Дмитрий Костенко

Вот и заработали… капитализм
(В защиту идейного наследия Мао Цзэдуна)

Беречь каждую крупицу революционного опыта

Опубликованная в первом за этот год номере «Мысли» статья Р.С. Каландарова «Во всём ли прав Мао?» вызвала у меня поток ностальгических воспоминаний. Вспомнился мне прилавок книжного магазина 1970-х годов, в эпоху книжного дефицита сплошь забитый никому не нужными брошюрами под заголовками «Осторожно, маоизм!» или «Опасным курсом!». Тогда я думал что подобную литературу, обслуживающую сиюминутные интересы власти никто не читает. Ведь всё это писалось недоучками, которым не хватало знаний, чтобы стать настоящими востоковедами, и потому делавшими карьеру по партийной линии. Это писалось такими «специалистами», как идеологическая подстилка всех режимов Федор Бурлацкий, который недавно переиздал свою книгу 1970-х годов о Мао, просто заменив все упреки в отступлении от коммунизма на упреки в «антидемократичности». Это писалось и такими «корифеями» как штангист Юрий Власов, который просто надергал из воспоминаний своего отца, бывшего в годы войны советским представителем в Янъани, все гадости о Мао. Но оказалось, что у всей этой литературы был по крайней мере один благодарный читатель — товарищ Каландаров, и сегодня повторяющий в своей статье всё те же самые аргументы.

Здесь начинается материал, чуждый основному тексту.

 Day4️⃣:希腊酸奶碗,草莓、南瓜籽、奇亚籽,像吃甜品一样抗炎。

В некоторых пассажах его статьи относительно «раздувания роли вождя» мне послышались отголоски разоблачения «культа личности» на XX съезде. Если это так, то мы говорим на разных языках. Если все же принять нашу общую приверженность революционной традиции 1917-1953 годов, то главным для понимания политики Китая при Мао должен стать ответ на вопрос, чем был Советский Союз в последующие годы.

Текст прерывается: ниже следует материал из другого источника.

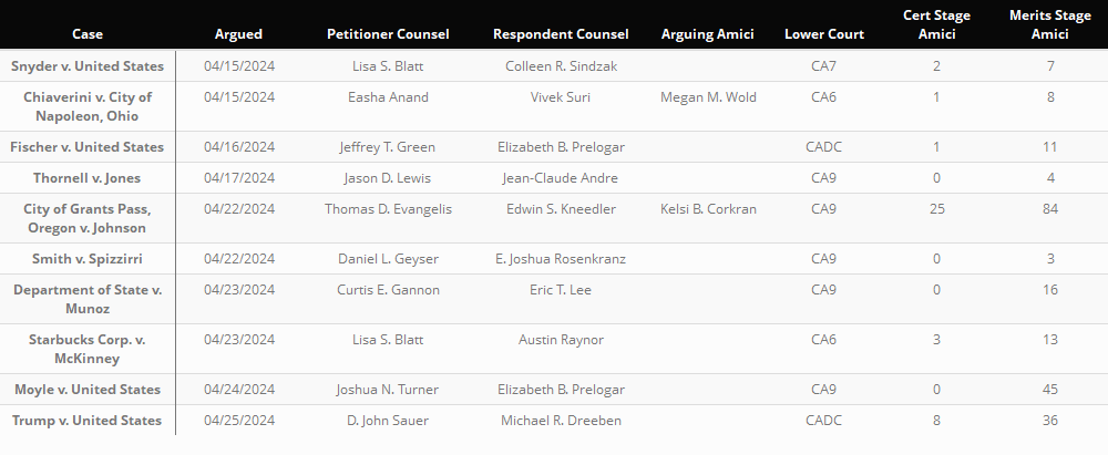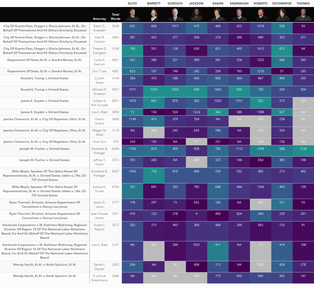 Words Spoken by Arguing Attorneys – By Argument (April Sitting 2024)

Большинство нынешних российских компартий отвечают на этот вопрос однозначно: у нас до 1991 года был социализм, правда похуже, чем при Иосифе Виссарионовиче, но «тоже социализм». Большинство же зарубежных компартий (речь идет не о тех «коммунистах» промосковской ориентации, что вплоть до августа 1991 г. пресмыкались перед Горбачёвым, а о ревнителях сталинской традиции), считают, что нашей стране в период между 1953 и 1961 годом начались процессы, завершившиеся реставрацией капитализма в форме «социал-империализма». И потому в ответ на все упреки вроде войны из-за Даманского они отвечают, что это были столкновения социал-империалистической державы с подлинно социалистической. Конечно, советскому человеку трудно примириться с таким названием. Но разве в социалистической стране мог, например, произойти расстрел рабочих, который имел место в Новочеркасске? Надо сказать, что сегодня на Западе и в Третьем мире настоящие сторонники революционной антиревизионистской, или, иначе говоря, сталинской традиции — это либо маоисты, либо последователи Энвера Ходжи. И те, и другие признают хрущёвско-брежневский СССР социал-империалистической державой. С ними можно соглашаться или нет, но их анализ стоит понять. И надо знать, что они ещё в 1970-е годы призывали советских людей восстать, что сегодня с изрядным запозданием делаем и мы, когда, как говорится, «поезд ушёл» и ушёл очень далеко.

Что же касается вьетнамо-китайской войны, поддержки моджахедов и конфликта в Кампучии, то обвинения Каландарова в адрес Мао, умершего в 1976 году, и вовсе неуместны, поскольку в этот момент в Пекине уже заправляли ставленники Дэн Сяопина.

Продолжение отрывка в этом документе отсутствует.